In this study, intestinal microbiota community compositions of shrimp fed different macro-algae were significantly different, as well as the regulation of intestinal immune responses. Macro-algaes have attracted the increasing attention in aquatic animals owing to its unknown immunostimulants and eco-friendly characteristics (Michel and Macfarlane, 1996). Kaushik et al. (2008) revealed that Nostoc commune can yield antibacterial compounds antagonized a series of bacterial species. The present results including the WSSV injection challenge test suggested that dietary GL, PH, or UP might make a difference on shrimp health by inhibiting the pathogenic bacteria, improving nutritional contribution, and enhancing immune responses. It is well known that various factors such as concentrations of macro-algae supplemented in the diet, species-specific response, and duration of feeding may affect the immune response of aquatic animals (Valente et al., 2006; Yu et al., 2016). Moreover, the mechanism that dietary macro-algaes regulated the intestinal microbiota composition and further maintained the intestinal homeostasis needs to be studied further.

Conclusion

Dietary macro-algaes especially GL, PH, or UP attenuated the oxidative damage to intestine in L. vannamei through elevating TAS, PO activities, decreasing SOD activity, MDA, and carbonyl protein contents, and correspondingly up-regulating PO and down-regulating SOD expression levels. Dietary macro-algaes supplementation improved intestinal immunity by up-regulating the expression of IκBα and down-regulating those of TGF-β, TNF-α, IL1β, IL6, and IL8. In addition, dietary macro-algaes modified intestinal microbiota of L. vannamei, symbolized by enhancing the relative abundance of the proportion of Bacteroidetes, Firmicutes, and Bacillaceae, whereas decreasing those of Gammaproteobacteria and Vibrionaceae. The results suggested that dietary suitable macro-algaes could be used as one kind of functional ingredients or acted as prebiotic-like role for preventing intestinal oxidative damage in shrimp whether under the normal rearing or the WSSV challenge conditions.

Ethics Statement

All experimental procedures were conducted in conformity with institutional guidelines for the care and use of laboratory animals in Sun Yat-sen University, Guangzhou, China, and conformed to the National Institutes of Health Guide for Care and Use of Laboratory Animals (Publication No. 85-23, revised 1985).

Author Contributions

JN, Y-JL, and L-XT designed the study.
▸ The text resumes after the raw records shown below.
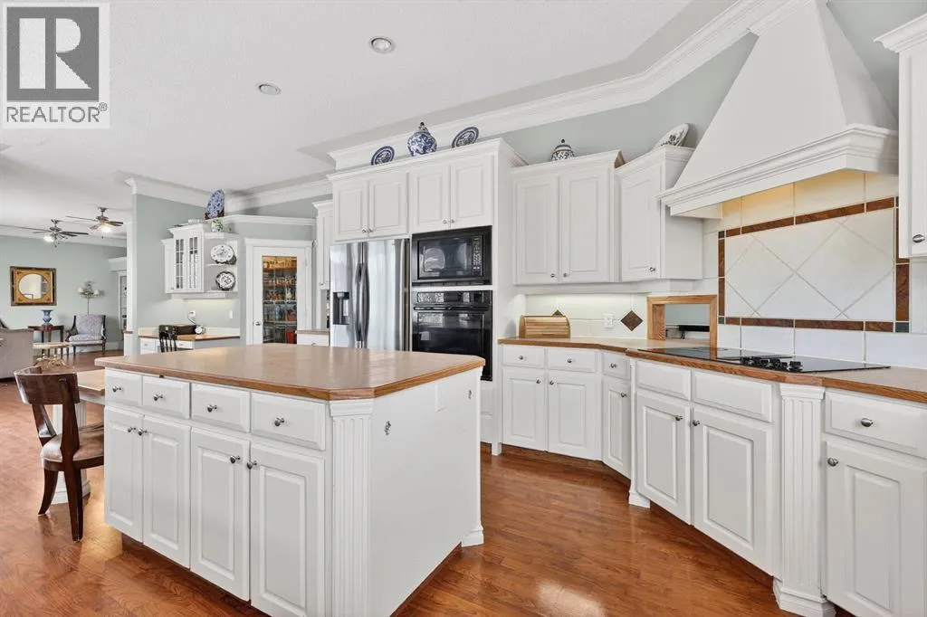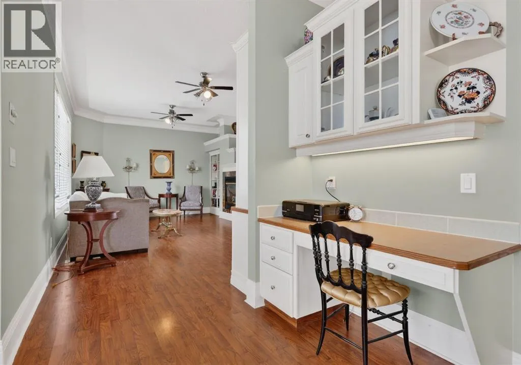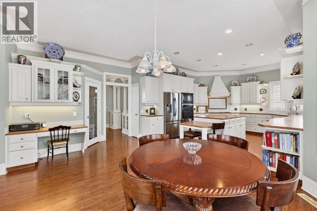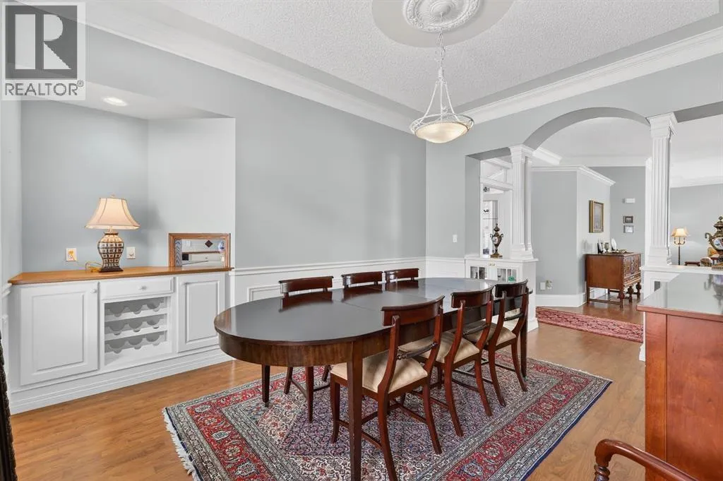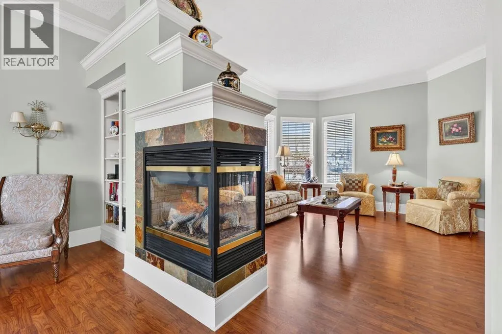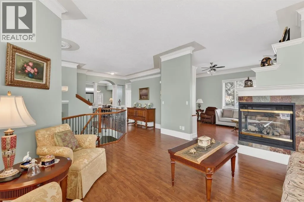 Welcome to a truly remarkable home in the heart of McKenzie Lake. Whether it's morning walks along the ridge, bike rides through the river valley, or quick access to everyday amenities along 130th Avenue, this location blends outdoor living with everyday convenience. Positioned on a corner lot, the exterior of this home is nothing short of striking. Sweeping across the lot, the front entrance features grand pillars, exposed aggregate walkway, and architectural detailing that sets the tone for what awaits inside. You are greeted with over 3700 square feet of developed living area, a foyer framed by soaring 10 foot ceilings, elegant wrought iron railings, with a welcoming yet impressive feeling. Just off the entrance sits a beautiful home office, enclosed by glass French doors and finished with custom built in bookshelves. A few steps up, the upper level introduces the primary retreat, thoughtfully elevated to create a sense of privacy. This space features dual walk-in closets and an ensuite designed with indulgence in mind. A corner soaker tub invites relaxation, while a standalone shower, generous counter space, and a private water closet complete this bathroom. The main level unfolds with timeless architectural detail. A formal dining area framed by custom pillars and archways creates a memorable setting for hosting, while the passthrough nook offers an added touch of convenience. Look up and notice the thoughtful detailing around each ceiling light fixture, subtle craftsmanship that adds character throughout. Just beyond, a formal sitting room provides a refined yet comfortable space. This area flows into the heart of the home where a triple sided fireplace connects the living spaces for warmth and ambiance. The main living room is designed for everyday comfort, complete with a built-in entertainment centre. At the center of it all is the kitchen, a true showstopper. The expansive corner layout provides an abundance of counter space, cabinetry, and drawers. A glas s cooktop and a custom hood fan that blends with the cabinetry add to the polished design. The large island serves as both a prep space, while also adding practicality with seating. Just beside it, a small dining area is wrapped in windows and overlooks the back deck and yard. Downstairs, the fully developed, walk out basement continues the homeâs thoughtful design. Large windows allow natural light to pour in, making the space feel bright. A custom wood bar and another fireplace anchors the recreation area, perfect for hosting friends or relaxed evenings in. This level also includes three additional bedrooms and a spacious five-piece bathroom. The lower level mudroom offers extra storage, laundry room, a convenient laundry chute exit, and access to the garage. The secluded yard feels like a private retreat where mature trees create a peaceful backdrop that offers both shade and privacy. Homes like this rarely come available, once you step inside you'll understand why. (id:27476)
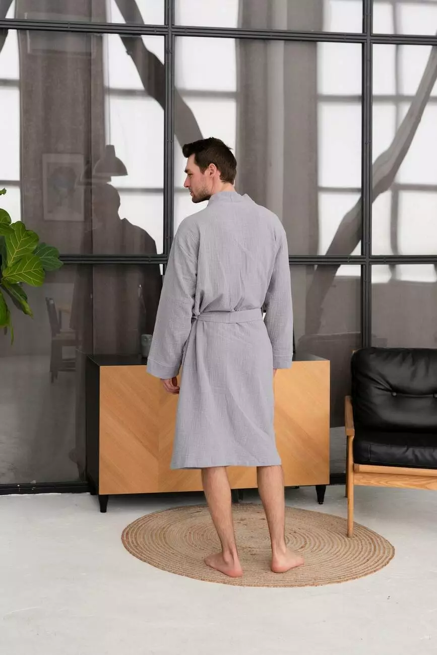 Чоловічий халат COSY Duna із фактурного мусліну сірий
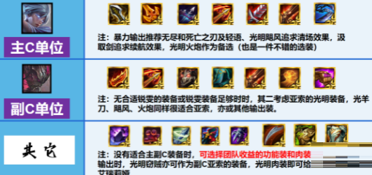 优先找锐雯的物理输出装备,后续找亚索装备(法强、攻速)
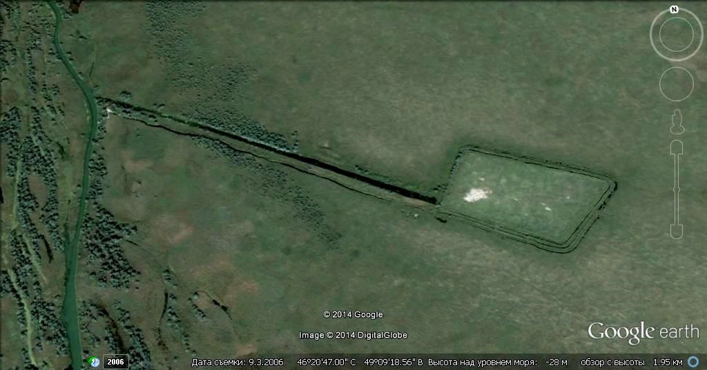 На что она похожа? Да очень просто, собственно. Перед нами так называемая «обваловка». Это когда половодье вдруг превышает привычные рамки и люди бросаются сломя голову совершать героические земляные работы, чтобы остановить пребывающую воду. Хозяйство-то спасать нужно. Такая обваловка задерживает поток, но вода всё равно просачивается и с другой стороны вала всегда возникают большие лужи. Вот это самое здесь и есть. Отличие всего одно – циклопические размеры гидротехнического сооружения. Вот так она выглядит с земли:

J-JX, T-YG, and S-WX carried out the rearing work. J-JX, H-HF, S-YL, Y-MZ, and JN analyzed the results and JN and J-JX wrote the manuscript with contributions from the other authors.

Conflict of Interest Statement

The authors declare that the research was conducted in the absence of any commercial or financial relationships that could be construed as a potential conflict of interest.